When it comes to topic modeling, most of the time is spent on processing the text itself. Importing/scraping it, dealing with capitalization, punctuation, removing stopwords, dealing with encoding issues, removing other miscellaneous common words. It is a highly iterative process such that once you initially get to the document-term matrix, you’re just going to find the stuff that was missed before and repeat the process with new ‘cleaning parameters’ in place. So getting to the analysis stage is the hard part. The following image is from the tidytext book, and gives some sense of the process, as well as some R packages that might be of use to you.
In what follows we’ll start at the point of having the DTM in place and ready for analysis. For our needs we’ll use the topicModels package for the analysis, and mostly others for post-processing. As mentioned, one of the primary results of such an analysis are the probabilities of terms within topics, which like factor loadings, can aid in interpreting the topics. The other result is the probability that a topic will be present in a given document.
The texts we’ll analyze are Dante’s Divine Comedy. Each canto within the three texts of Inferno, Purgatory, and Paradise will be treated as a document. I have already created the DTM where stopwords have been removed, but plenty more cleaning could have been applied. To get a sense of what’s going into the analysis, I show some of the more common terms, but note also, as in most text analysis, most terms are not present in most documents, leading to a notably sparse DTM.
<<DocumentTermMatrix (documents: 101, terms: 10516)>> Non-/sparse entries: 36748/1025368 Sparsity : 97% Maximal term length: 16 Weighting : term frequency (tf)
As with factor or cluster analysis, one must choose the number of topics to retain. There are various methods/statistics that can help with this, but simple interpretability could be used as well. We’ll go with three to see if the three books are uniquely expressive.
A LDA_VEM topic model with 3 topics.
First, we can simply look at probable terms. The following shows the top 10 most probable terms for each topic.

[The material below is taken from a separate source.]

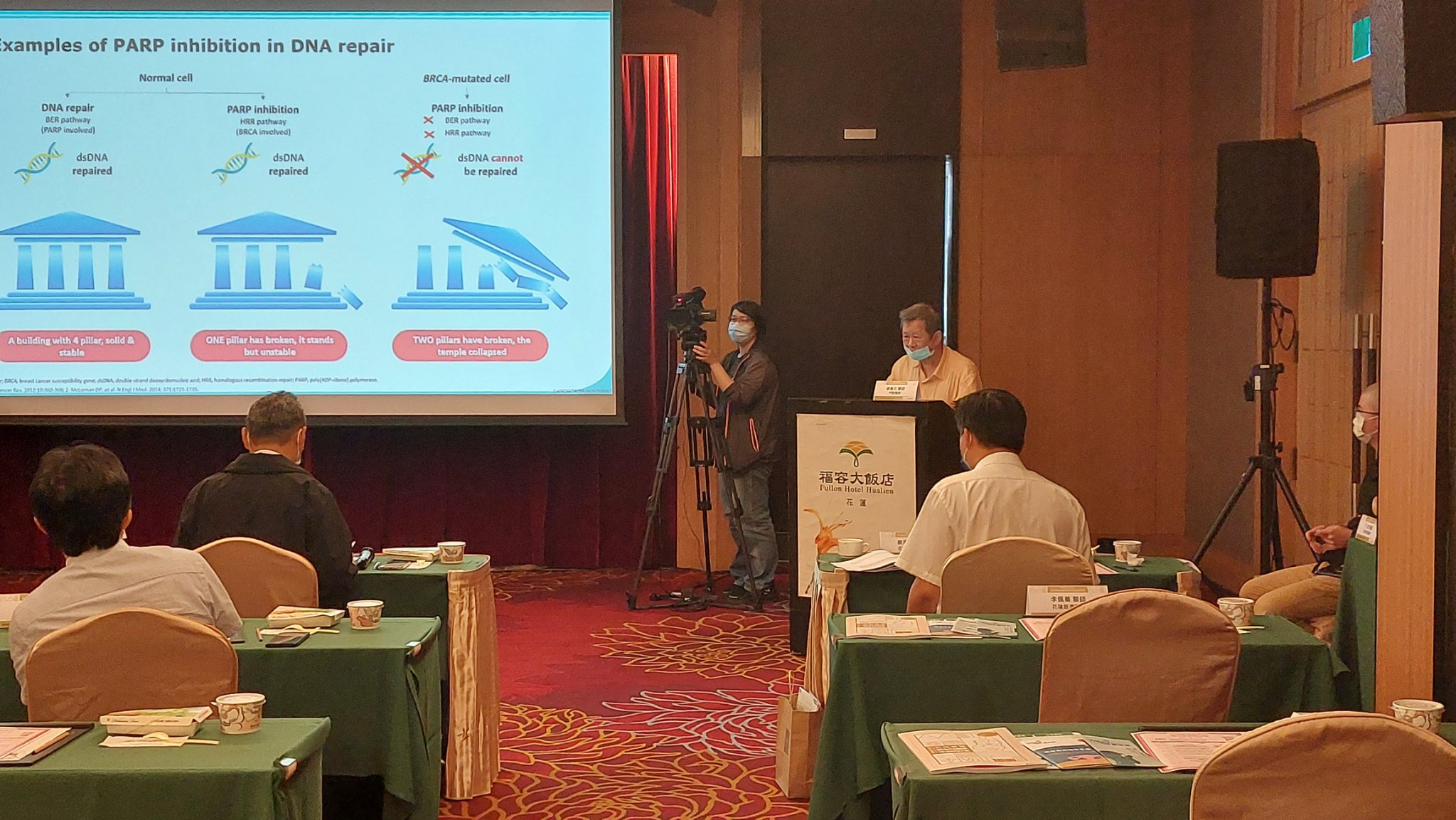 近十年來內膜癌和卵巢癌的發生逐漸增加,而且有越來越年輕就發病的趨勢,本中心呼籲各位女性應該要常常注意自己的健康狀況。首先,門諾醫院婦產科主任廖基元分享了一個子宮內膜癌的個案因未生育需要保留子宮而接受保守治療。廖主任叮嚀這種情況要謹慎評估其病況適不適合,因為這個案後來治療效果不佳而且惡化。接著,台大醫學院婦產科魏凌鴻教授也透過視訊的方式現場直播為大家整理了卵巢癌標靶藥Niraparib運用在開完刀之後作為第一線治療的最新臨床研究結果。醫藥科技不斷進步,Niraparib是一種針對聚ADP核糖聚合酶(PARP)抑制劑,可讓癌症無法修復而凋亡,用於皮卵巢癌的療效令人振奮。尤其是對有抑癌基因BRCA1或BRCA2突變的病人,它可以減少60%的復發風險,真是病患的福音。花蓮慈濟醫院婦產部產科主任魏佑吉則為大家報告了Niraparib運用在復發性卵巢癌的個案及經驗。慈濟醫院陳盈希醫師則為大家分享達文西手術運用於婦癌治療和手術影片示範。比起傳統剖腹式手術,達文西手術出血和併發症少、出院天數短,其治療效果一樣好。透過螢光標記(ICG)和特殊影視系統,可以讓手術醫師精準地切除淋巴結以便精準地做癌症分期,這是子宮內膜癌手術治療中近十年來重要的進展。

For the following I’ve collapsed across cantos to get an average topic probability for each book. For example, with the Inferno, the topic where god, heaven, and virtue are less probable, while the one with beneath and cried are more so. With Paradise you have the opposite situation, and are more likely to find the topics regarding virtue, heaven, sun, and god. Purgatory, perhaps not surprisingly is a fairly balanced mix of topics72.
Summary of Topic Models
This is just a snippet of the potential with topic modeling, but hopefully you get the idea. As in other latent variable approaches, one can see LDA as a dimension reduction technique, where thousands of terms are boiled down to a few topics. However, topic models can also possess a rich interpretive quality. Just remember that what you call ‘documents’, ‘terms’ and ‘topics’ is not limited to text, and is in fact highly flexible.